Strong teamwork is one of the most important fundamentals a company should possess. If all four wheels are aligned in the same direction at the same time, the vehicle moves along nice and straight. As soon as one wheel turns and goes off course, so too does the entire vehicle. That is why an insubordinate employee can be so detrimental to an organization. They could potentially lead the entire team astray. So before that corporate car veers off course, here are some ways to realign that insubordinate employee and make them fall in line with the rest of your team.

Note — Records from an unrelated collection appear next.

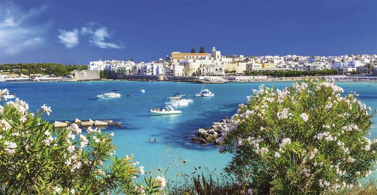 Vormittags besuchen wir Bari, die Hauptstadt Apuliens, Sitz des Erzbischofs und der Universität. Der Hafen von Bari, das sogenannte „Tor zum Orient“, ist ein wichtiger Umschlagplatz für Waren aus dem Mittelmeerraum. Geführter Rundgang und Besichtigung des historischen Altstadtkerns, um den sich drei sehenswerte romanische Kirchen gruppieren; die Kathedrale, die Kirche San Nicola und die reizvolle Kirche San Gregorio. Im Westen der Stadt erhebt sich majestätisch das Kastell, eine byzantinisch-normannische Gründung mit Erweiterungen durch Friedrich II. Am Nachmittag lernen wir das faszinierende Städtchen Polignano a Mare kennen. Es ist berühmt für seine atemberaubende Küste und seine Vielzahl an Grotten, die sie umgibt. Spaziergang durch die schöne Altstadt, entlang der verwinkelten Gassen mit weiß getünchten Häusern. Ebenso sehen wir die wichtigste Kirche der Stadt, die Chiesa Matrice. Am "Lama Monachile", dem beliebtesten Strand der Stadt, erleben wir die Einzigartigkeit von Polignano a Mare und haben Zeit, das klare Wasser der Adria zu genießen und die antike römische Brücke zu bewundern.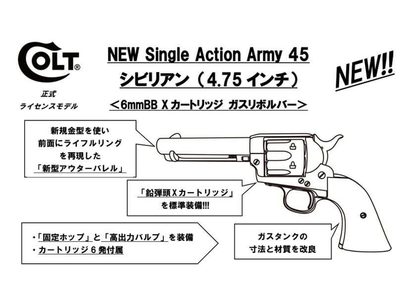 [マルシン] NEW SAA.45 シビリアン 《4.75インチ/ブラックHW》 6mmXカートリッジガスリボルバー (新品) 製品詳細画像 ※画像は前回ロットモデルの物となります。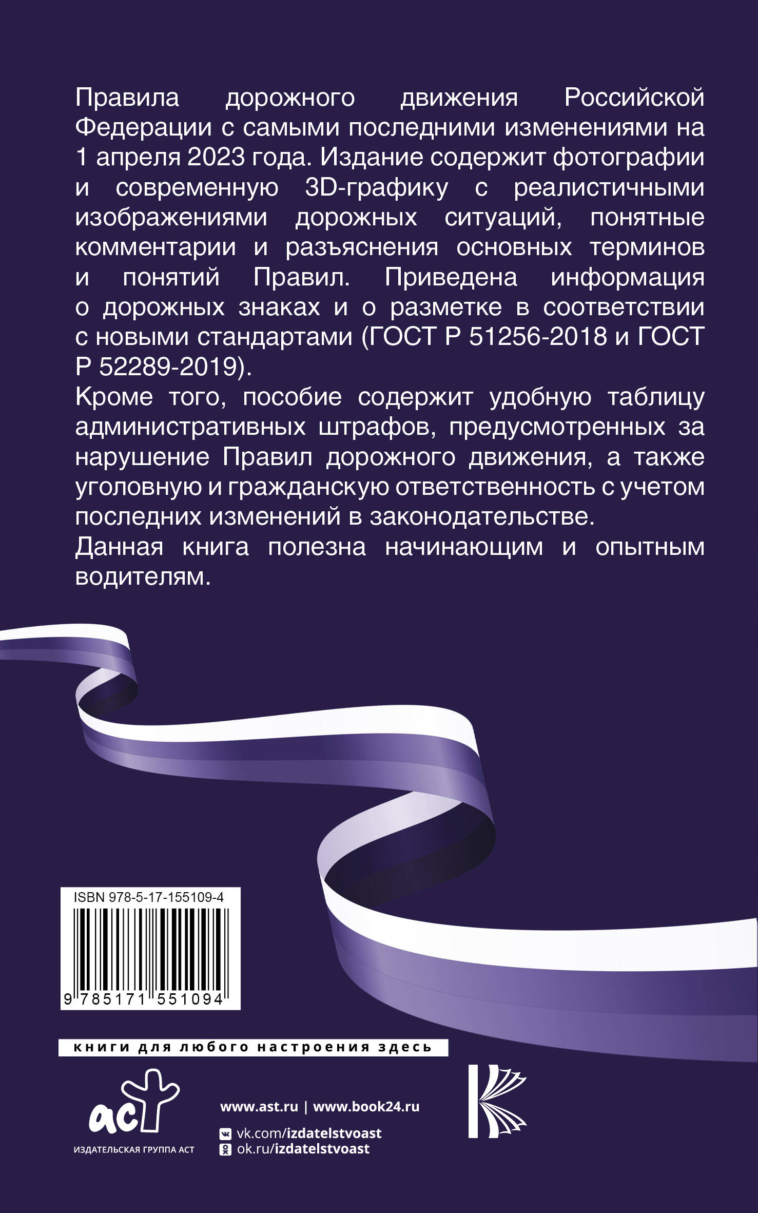 Правила дорожного движения Российской Федерации с самыми последними изменениями на 1 апреля 2023 года с учетом всех изменений и дополнений, включая правила пользования средствами индивидуальной мобильности (электросамокатами, электроскейтбордами, гироскутерами, сигвеями, моноколесами и иными аналогичными средствами). Издание содержит фотографии и современную 3D-графику с реалистичными изображениями дорожных ситуаций, понятные комментарии и разъяснения основных терминов и понятий Правил. Приведена информация о дорожных знаках и о разметке в соответствии с новыми стандартами (ГОСТ Р 51256-2018 и ГОСТ Р 52289-2019). Кроме того, пособие содержит удобную таблицу административных штрафов, предусмотренных за нарушение Правил дорожного движения, а также уголовную и гражданскую ответственность с учетом последних изменений в законодательстве. Данная книга полезна начинающим и опытным водителям. пдд 2023, для автомобиля в салон, подарок мужчине, подарок на 23 февраля, подарок на 14 февраля, подарок парню, подарок на 14 февраля парню, подарок папе, подарок мужчине на др, подарок мужчине на 23 февраля, подарок мужу, подарок на 23 февраля коллегам, подарок на 23 февраля мужу, подарок на 23 феврвля, подарок другу, подарок мужу на др, мужской подарок

The reason for insubordination can stem from a number of things. Your job as a team leader or manager is to fix the problem, one way or the other. As I mentioned in previous writings, any bad eggs within an organization need to be tossed; they can become contagious. However, bad eggs can sometimes be saved, and there are plenty of opportunities to handle insubordination without firings. Sometimes insubordination by employees can stem from management. If an employee isn’t feeling challenged enough, he or she might act out, simply out of sheer boredom. Or if opinions aren’t being heard from everyone, insubordination can be used as a form of protest against certain managerial decisions. In any case, the hardest and most important step in handling an insubordinate employee is finding the reason for their rebellion. Once you know the problem, it’s easier to find the solution.

If you only think you know the problem, or you’re still not sure to why an employee is acting insubordinate, you still have to act quickly to fix the problematic behavior and decide what disciplinary action may be required. Review the employee’s history and find out if they’re a repeat offender. If so, there has to be a primary cause. Whether it’s management, or just he or she being unhappy with they’re career, you need to figure it out. The best form of action is to address the matter head-on. Let the employee know this perpetual behavior can’t be tolerated and make it known that something has to change.

However, some instances are beyond the scope of negotiation. A manager who gives off the impression as running an ‘anything goes’ type of organization can lead to a loss of respect. There are going to be some people that have to be made examples of in order to send an undeniable message to the rest of the team. Also, don’t leave HR out of the loop. Even though they tend to be strictly by the book in most cases having their expertise on certain situations could be beneficial. I personally like to keep everything in house- only bring it outside the team if it’s absolutely necessary.

The important thing is to communicate. Talk to the employee who is being insubordinate and see if a compromise can be made. More times than not, two adults can reason and express their personal concessions.